We have established a traffic flow missing data imputation model based on the attention mechanism, LSTM and AdaBoost principles, which combines the LSTM-attention model and AdaBoost algorithm. The structure is shown in Fig. 4.

Fig. 4
figure 4

LSTM-attention-AdaBoost model structure.

Algorithm 2
figure b

LSTM-attention-AdaBoost.

Modeling framework

The use of k-means clustering can effectively distinguish different traffic flow patterns in the road network and extract traffic flow belonging to the same traffic flow pattern as inputs, which avoids the interference of useless information and adequately extracts data with high spatial relevance; the LSTM-attention algorithm can adequately learn the spatio-temporal relevance of data with a focus on the important information, and the AdaBoost can weight the integrating the results of multiple base learners to improve the stability and accuracy of missing data imputation, so we propose a combined model for missing data imputation for traffic flow to overcome the randomness and volatility of traffic flow. The framework of this model is shown in Fig. 5, and the specific steps are as follows:

  1. (1)

    The KNN algorithm is used to fill in the missing data in the road network in the first four days and calculate the average traffic volume in the first four days.

  2. (2)

    Different traffic flow patterns in the road network are effectively distinguished by k-means clustering, and traffic flow belonging to the same traffic flow pattern as the traffic flow that needs data imputation is extracted as input.

  3. (3)

    LSTM-attention networks are used as the base learner to impute the missing data to fully learn the spatio-temporal correlation of traffic flow and increase attention to important information. AdaBoost algorithm trains multiple base learners and adjusts the weights according to the error to increase the attention to the samples with larger imputation error and the base learners with higher accuracy.

  4. (4)

    Root Mean Square Error, Mean Absolute Error, and Mean Absolute Percentage Error are used to evaluate the results of data imputation.

Fig. 5
figure 5

Model Framework.

Experiment

In this section, we first introduced the detailed information of the detectors used in the experiment and the patterns of data missing. Then, we introduced the evaluation indexes and baseline models of the experiments. Finally, we conducted experiments under different data missing rates and patterns and visualized the results of the experiments.

Data

In order to evaluate the effectiveness of our proposed traffic flow data imputation model, we used the real-world PeMS traffic flow dataset for our experiments50. Specifically, we select three detectors from PeMS that are far away from each other for data imputation, the details of the detectors are shown in Table 1, and selected 20 detectors that are close to these three detectors respectively to analyze the spatial correlation of the traffic flow. The time granularity of the traffic flow data is 5 min, and the time range is from August 14, 2023 to August 18, 2023, and we use the traffic flow data of the first four days as the training set, and the traffic flow data of the fifth day as the test set. The detector is located as shown in Fig. 6.
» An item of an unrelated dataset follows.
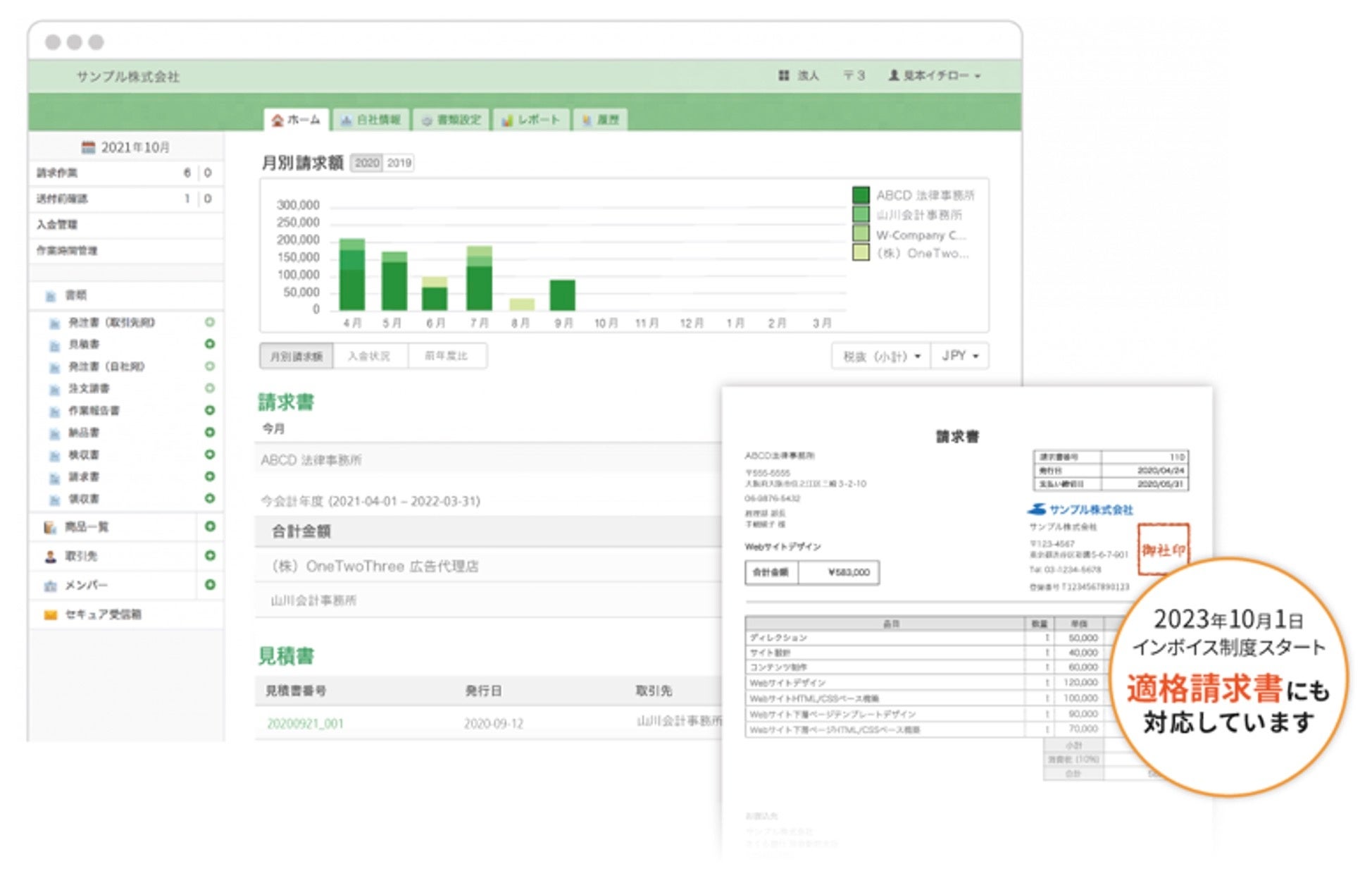 見積書や請求書をはじめとする書類を場所を選ばず作成でき、承認、郵送代行や電子送付、入金管理や売上レポートの表示ができます。2018年にリコーグループに参画してからは、中小企業の請求書の電子化の改善策として根強い人気を誇っています。

Table 1 Detailed detector information.
Fig. 6
figure 6

Location of the detector.

To simulate various situations of missing traffic flow data in reality, we divide data missing into three patterns: random missing (RM), cluster missing (CM), and hybrid missing (HM). Random missing values are randomly dispersed and independent points, mainly caused by equipment instability or environmental chaos; Cluster missing values are often independent points generated due to system shutdown or detector failure; and hybrid missing includes random missing and aggregated missing modes51. Taking the missing rate of 50% as an example, the specific manifestations of the three missing modes are shown in Fig. 7. The legend on the right indicates that the colors on the graph gradually change with the size of traffic flow, and the colors on the graph gradually change with the size of traffic flow. The black part has zero traffic flow, the blue part has a smaller traffic flow, and the red part has a larger traffic flow. The black area represents the missing part of the traffic flow data. As shown in Fig. 7a, the missing traffic flow of RM mode is composed of many irregular points; In Fig. 7b, the missing traffic flow in CM mode is displayed in bars; In Fig. 7c, the missing traffic flow in HM mode is a mixture of bars and irregular points. Meanwhile, we also validated the effectiveness of the model using data with overall missing rates of 10%, 20%, 30%, 40%, 50%, and 60%.

Fig. 7
figure 7

Three missing modes.

Evaluating indicator

The experiment used root mean square error (RMSE), mean absolute error (MAE), and mean absolute percentage error (MAPE) to evaluate the effectiveness of our proposed model. Their formulas are as follows:

$$RMSE = \sqrt {\frac{1}{n}\sum\limits_{i = 1}^{n} {(f_{i} - \widehat{f}_{i} )^{2} } }$$
(21)
$$MAE = \frac{1}{n}\sum\limits_{i = 1}^{n} {(f_{i} - \widehat{f}_{i} )}$$
(22)
$$MAPE = \frac{1}{n}\sum\limits_{i = 1}^{n} {\left| {\frac{{f_{i} - \widehat{{f_{i} }}}}{{f_{i} }}} \right|} \times 100\%$$
(23)

In the formula: \(f_{i}\) is real traffic flow data, \(\widehat{f}_{i}\) is predicted data, and n is the number of samples.

Baseline model

We used advanced models proposed in various literature as baseline models to evaluate the performance of our proposed model and strictly followed the parameter settings in the literature. We have considered the following models:

  1. (1)

    Historical Average (HA)19: Estimating missing data for the day based on the average of the previous four days of historical data.

  2. (2)

    K-nearest neighbor (KNN)21: Estimate missing data by calculating the average of adjacent data.

  3. (3)

    Support Vector Machine (SVM)25: Using SVM-based nonlinear mapping to impute missing data.

  4. (4)

    Low-rank tensor completion (LRTC-TNN)29: A truncated kernel criterion based on tensor complementarity is defined to impute missing data.

  5. (5)

    Stacked Denoising Autoencoder (SDAE)32: Considers damaged or missing traffic data as damage vectors for data imputation considering both time and space factors.

  6. (6)

    Bidirectional Long Short-Term Memory Network (BLSTM-I)37: A bi-directional LSTM extracts the temporal dependence in both directions and estimates the missing data.

  7. (7)

    Dynamic Graph Convolution Network (MDGCN)40: a model based on GCN and LSTM can dynamically impute missing data of traffic flow.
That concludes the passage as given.